JESSICA SCHNEIDER, CNN CORRESPONDENT: Twelve Russian intelligence officers are charged with hacking into the email servers of the Democratic Party and the Hillary Clinton campaign plus stealing U.S. voter data during the 2016 election.


ROD ROSENSTEIN, DEPUTY U. S. ATTORNEY GENERAL: We know according to the allegations in the indictment, the goal of the conspirators was to have an impact in the elections.


SCHNEIDER: The 29-page indictment details how the Russians targeted more than 300 people associated with Democratic campaign committees and the Hillary Clinton campaign. This was the email Hillary Clinton Campaign Chairman John Podesta received telling him to click a link to change his password, a technique known as spear fishing. Podesta did allowing the Russian officers to steal his username, password, and emails.

Prosecutors allege these Russian officers hacked into several accounts stealing thousands of emails.


ROSENSTEIN: The defendants hack into computer networks and install malicious software that allowed them to spy on user and capture keystrokes, take screenshots and exfiltrate or remove data from those computers.


SCHNEIDER: And to distribute the stolen emails. The Indictment says the Russian registered the domain's DC Leaks and then Guccifer 2.0 and used the network of computers around the world including here in the U.S. funding their scheme like cryptocurrencies like bitcoin.


ROSENSTEIN: The defendants falsely claimed that DC Leaks was a group of American hackers and that Guccifer 2.0 was a lone Romanian hacker.

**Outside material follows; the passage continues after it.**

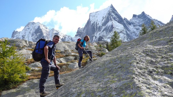 Tag 1: Es ist Ende September. Nebelfetzen hängen über dem Bondascatal. 4 Tage Trekking durch das Bergell haben wir uns vorgenommen. Auf dem Sentiero Alpinistico Val Bregaglia von Promontogno nach Maloja. Die Route gehört zu den grossartigsten und schönsten Tekkingtouren der Alpen. Der überaus gäche Fusspfad aus dem Val Bondasca hinauf zur Sasc-Furä-Hütte ist die Eintrittskarte zur Tour. Die Dramatik steigert sich zusehens. Von atemberaubender Steilheit und Eleganz sticht direkt vor uns die Nordkante des Piz Badile in den Himmel. Der Weiterweg zur Sciora-Hütte führt an die weltberühmte Badile Nordostwand heran. Generationen der besten Kletterer der Welt haben hier immer wieder neue, waghalsige Routen eröffnet. Die Cassin-Führe durch die Nordostwand des Piz Badile gehört heute noch zu den schwierigsten klassischen Klettertouren. Noch bevor wir den Gletscherkessel unter der Badilewand erreichen, müssen einige Felsabbrüche (teilweise mit Ketten gesichert) abgeklettert werden. Dann geht’s im auf und ab hinüber zur Sciora-Hütte, die in beeindruckender Lage unter den Granitpfeilern der Scioratürme, wie auf einem Adlerhorst thront.

SCHNEIDER: Rosenstein stressed that none of the Americans targeted knew they were communicating with the Russians.


ROSENSTEIN: The conspirators corresponded with several Americans during the course of the conspiracy through the internet. There's no allegation in this indictment that the Americans knew that they were corresponding with Russian intelligence officers.


SCHNEIDER: But the indictment does detail the Russian's contact with several Americans including a request for stolen documents from a candidate for the U.S. Congress who's identity has not been disclosed. It also documents discussions between the Russian intelligence officers posing as Guccifer 2.0 and a person who was close to the Trump campaign in August and September 2016. The language of the messages revealed in the indictment matches the twitter messages previously released by Roger Stone.

Stone has admitted he communicated with Guccifer 2.0 but denies he had any knowledge about the hacking.

(BEGIN VIDEO) ROGER STONE, POLITICAL CONSULTANT, LOBBYIST, AND STRATEGIST: I'm not involved in any collusion, coordination or conspiracy with the Russians or anyone else and there's no evidence to the contrary.


SCHNEIDER: The indictment also alleges that the Russian's first attempted to spear fish and hack email accounts used by Hillary Clinton's personal office on the same day Trump said this:


DONALD TRUMP, PRESIDENT OF THE UNITED STATES: Russia, if you're listening I hope you're able to find the 30,000 emails that are missing. I think you will probably be rewarded mightily by our press.


SCHNEIDER: And the indictment appears to identify WikiLeaks for the first time as Organization 1 saying it released the emails and documents stolen from the DNC network by the Russians around July 22, 2016, right before the start of the Democratic National Convention.

The Deputy Attorney General briefed President Trump on the charges before he left for his overseas trip and today stressed politics should stay out of what is a serious legal and national security matter.


ROSENSTEIN: We need to work together to hold the perpetrators accountable and we need to keep moving forward to preserve our values, protect against future interference and defend America.


SCHNEIDER: Jessica Schneider, CNN Washington.

HOWELL: Jessica thank you. Roger Stone, who we just heard from in Jessica's reporting appears to be the unnamed person indicted or cited in the indictment - cited in the indictment by having contact with one of the online personas used by the hackers. Here's what he told my colleague, Chris Cuomo.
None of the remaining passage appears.